Gabriel enfatiza a necessidade de existirem, em 2022, programas de busca ativa, combinados a uma comunicação que fale sobre a importância do Enem. “Políticas de apoio educacional, mas também com a dimensão financeira, e programas de garantia de renda e de segurança alimentar, por exemplo, dão melhores condições para que os jovens e adultos consigam voltar aos estudos”, sugere.

 

Impacto no Ensino Superior 

No Brasil, 1 a cada 5 pessoas de 18 a 25 anos está no Ensino Superior, isso equivale a 21% dos adultos brasileiros. É um número baixo, segundo Gabriel. Como consequência desta baixa taxa de inscrição no Enem, é possível que este número caia ainda mais. “Há um risco grande de reduzir os anos de escolaridade da população brasileira, mas mais importante do que isso é a ampliação das desigualdades. Se o Ensino Superior no Brasil já é desigual, a pandemia amplia isto”, explica.

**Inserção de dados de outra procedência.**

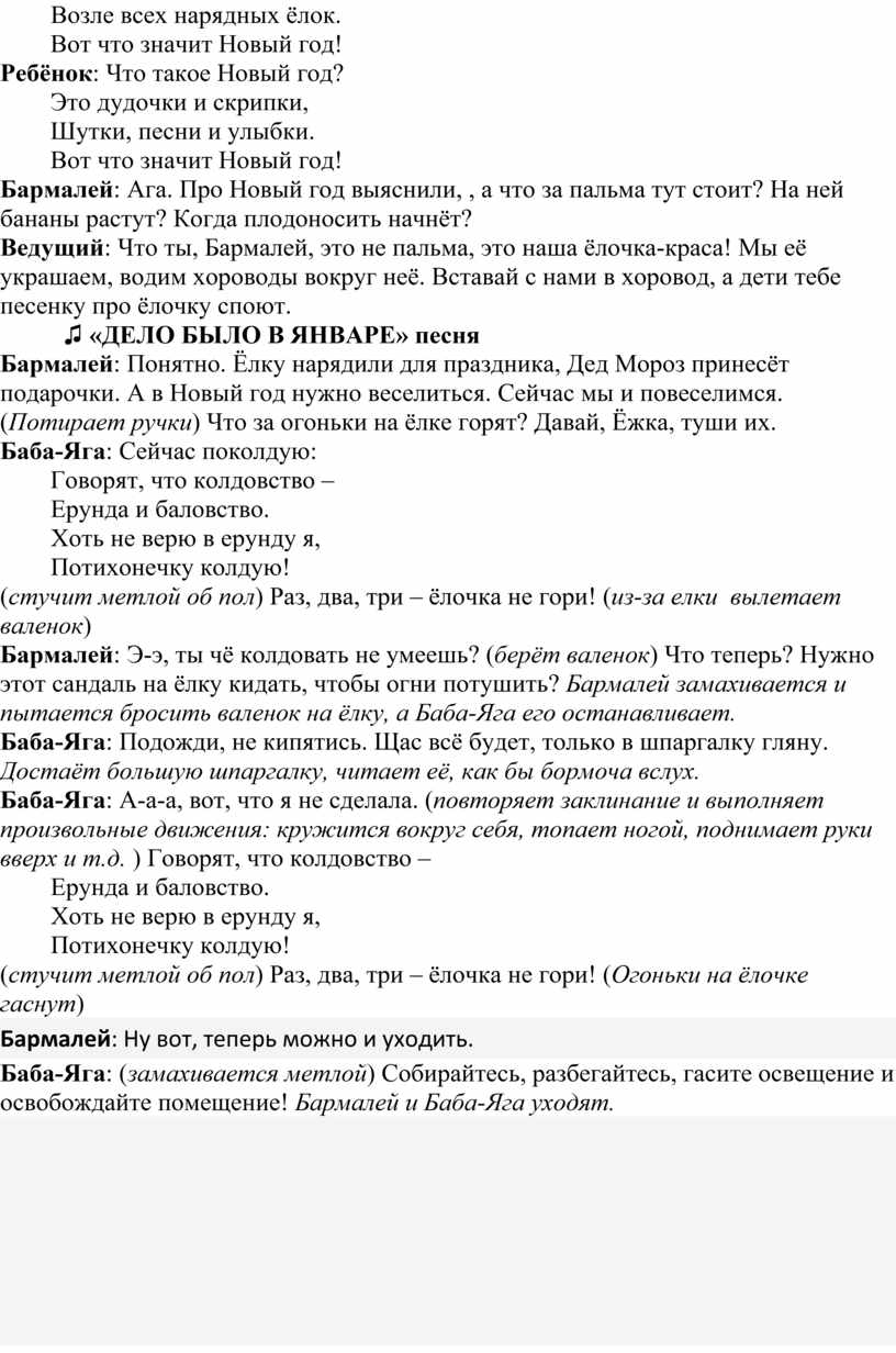 (не видит детей, обращается к родителям) Ну и чаво орём? Чаво кричим? (к ёлке) Это ещё что тут торчит? (Хватает ёлку за ветку). Ой-ей-ей! Злючая, вреднючая, как я! (Обращает внимание на детей) О! А вы тут чего делаете? Я же вас не приглашала?

Um dos reflexos da desigualdade no Ensino Superior é a falta de diversidade nas instituições. Por mais que a situação tenha avançado nas últimas décadas, por conta de políticas de ações afirmativas que aumentaram a inscrição de estudantes negros e pobres nas universidades, o contexto está longe do ideal. “Não podemos afirmar que o Ensino Superior brasileiro é diverso. Isso afeta as pesquisas e o tipo de produção acadêmica que é feita. Quanto mais diversidade, mais visões diferentes, mais debates democráticos conseguimos suscitar nas faculdades brasileiras. Isso é melhor para os alunos, mas também para o país”, diz o especialista.

 

Prova reformulada é possível? 

O Enem foi criado em 1998 para avaliar o desempenho dos estudantes no Ensino Médio. Com o tempo, passou a ser aceito como meio de ingresso (parcial ou total) em instituições de Ensino Superior, até que, em 2009, foi reformulado e passou a ser o meio de ingresso nas universidades e instituições federais.

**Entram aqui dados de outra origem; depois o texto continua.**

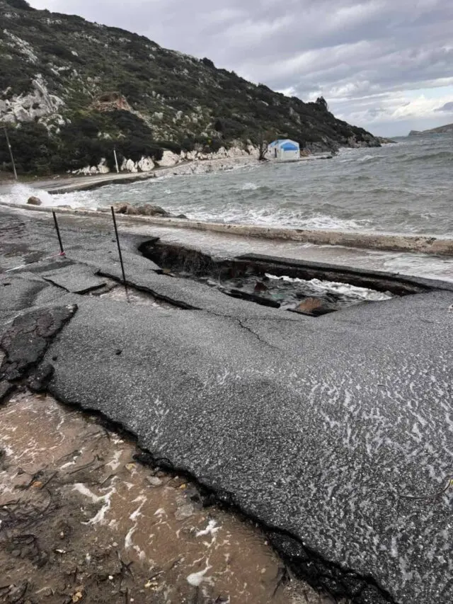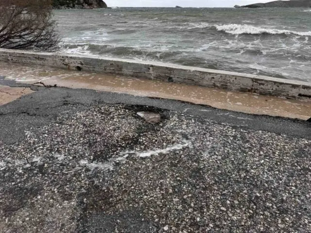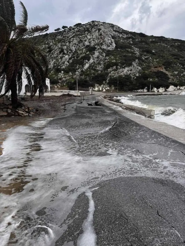 Την ίδια ώρα, οι ζημιές στο παραλιακό οδικό δίκτυο του νησιού είναι εκτεταμένες, με τα συνεργεία της Τεχνικής Υπηρεσίας του Δήμου να βρίσκονται επί ποδός, δίνοντας αγώνα ώστε, σε πρώτη φάση, να εξασφαλιστεί η ομαλή διέλευση από τα κεντρικά σημεία και να αποφευχθούν ατυχήματα.

Gabriel acredita que esta baixa histórica no número de inscritos não será, contudo, um motivador para se repensar a prova. “O principal motivador para se repensar a prova será a Base Nacional Comum Curricular e a Lei do Novo Ensino Médio. O Enem tem o desafio de se ajustar à nova realidade do Ensino Médio brasileiro. Acho que precisamos questionar quais competências queremos avaliar neste exame”, conclui o especialista.